The Court also sided with the district court in finding that deductions used in calculating the companies' royalty obligations must be reasonable.

It noted that there is nothing in the 1931 or 1947 statutory lease forms to indicate that the Legislature intended to treat affiliated and non-affiliated transactions differently when deducting post-production costs.

"The district court found that based on the statutory and regulatory history, the New Mexico Legislature and the Commissioner of Public Lands intended both affiliated and nonaffiliated transactions to be treated the same. Therefore, lessees were permitted to deduct reasonable costs incurred for post-production services," Maes wrote.

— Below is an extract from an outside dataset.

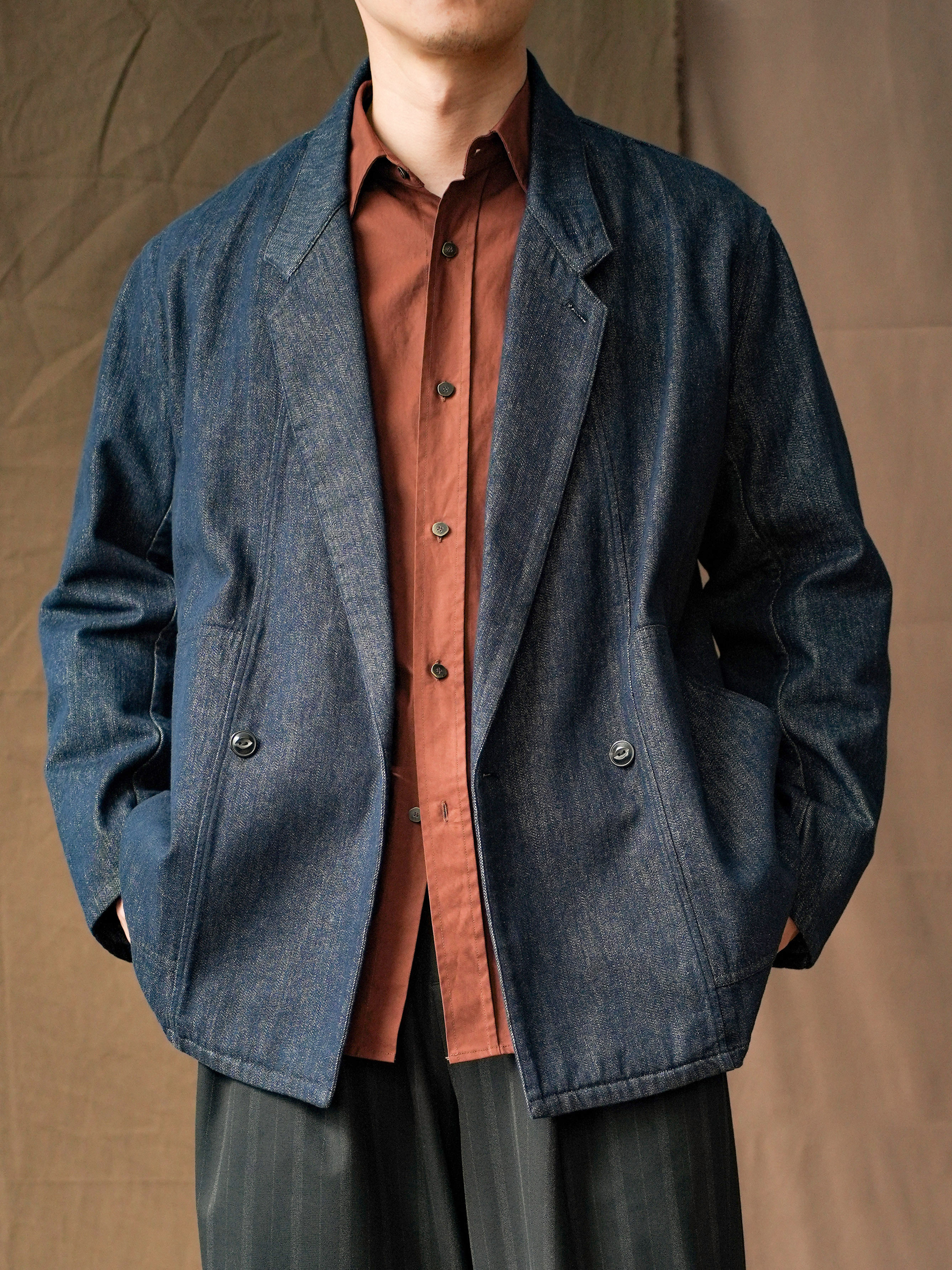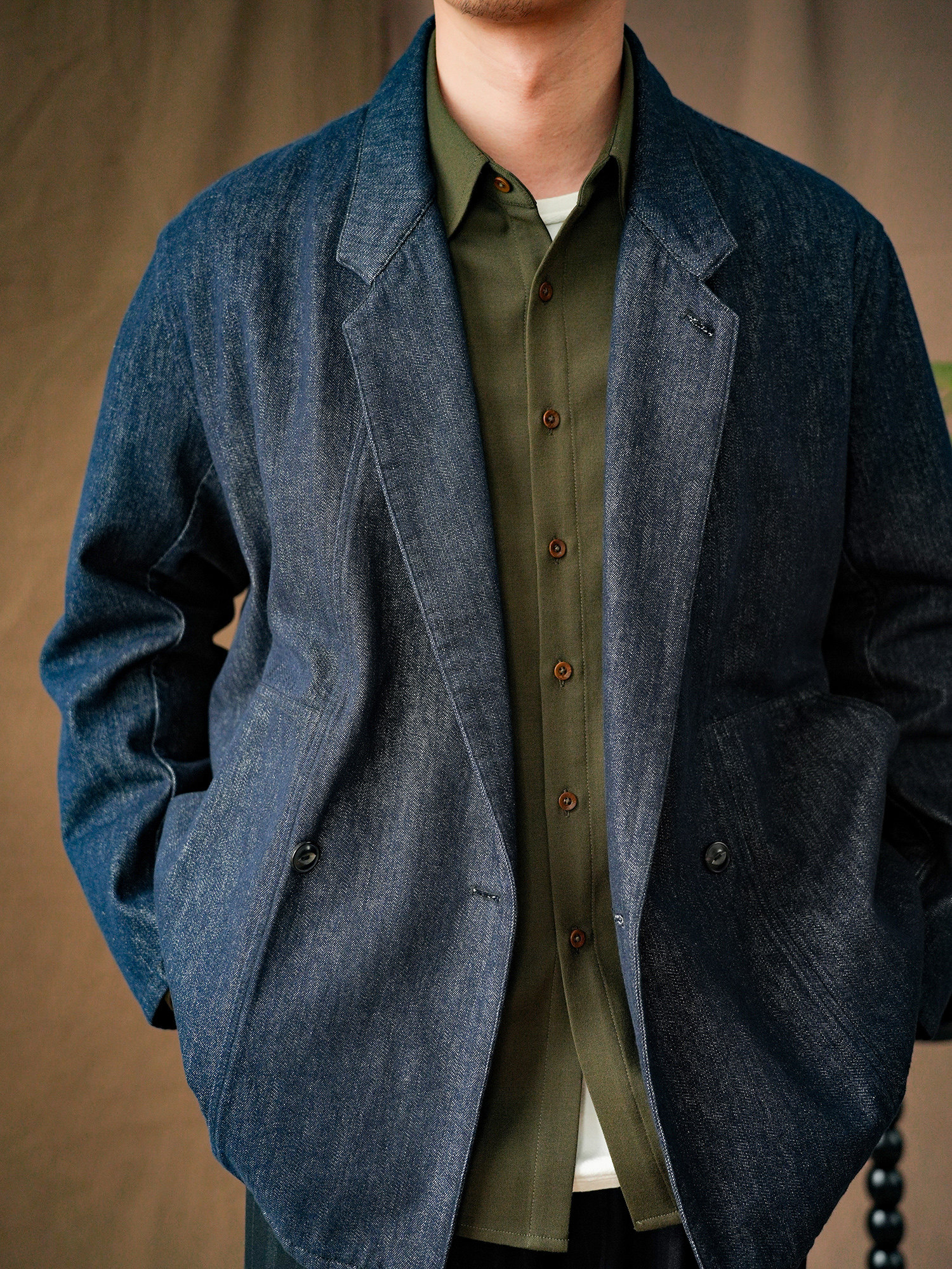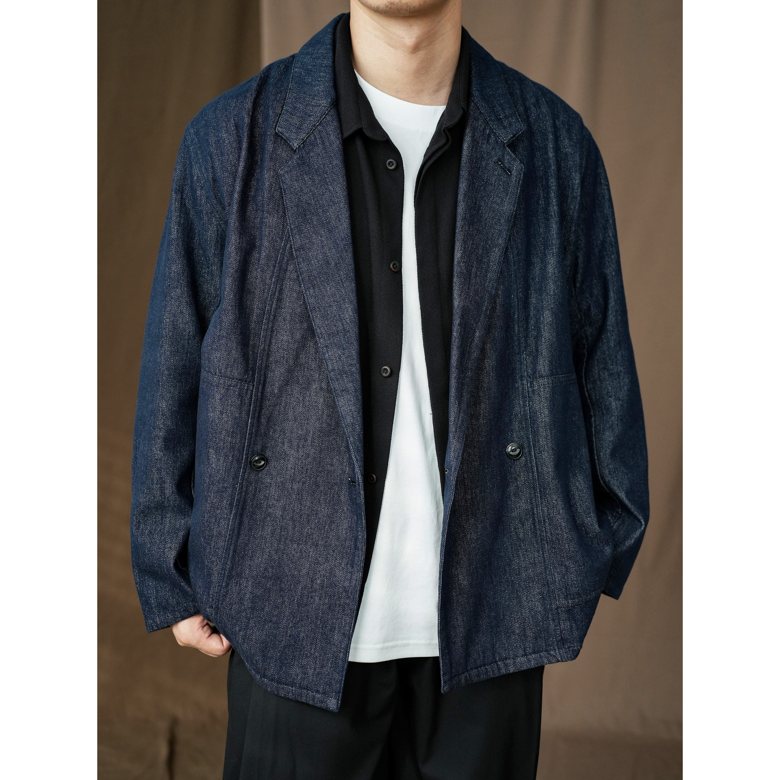 WATEREVER 春秋季双排扣牛仔西装休闲夹克 日系复古简约

"We agree with the district court's finding that there was no support for defendant's contention that deductions for affiliated transactions must be limited to actual costs."

In addition, the Court affirmed the district court's dismissal of the commissioner's counterclaim for the breach of the implied covenant to market, saying it does not need to reach the issue in this case.

"When the Legislature adopted the statutory oil and gas leases that we have referenced in this opinion, the Legislature expressed the policy decision that lessees under such leases are entitled to recover some post-production costs associated with making the gas marketable. How much and what kinds of post-production costs remain at issue in this case," Maes wrote.

"However, because of this legislative policy decision we do not need to decide whether the marketable condition rule is inherent in the implied covenant to market. As we indicated in Davis, whether the marketable condition rule applies in New Mexico is not yet ripe for review."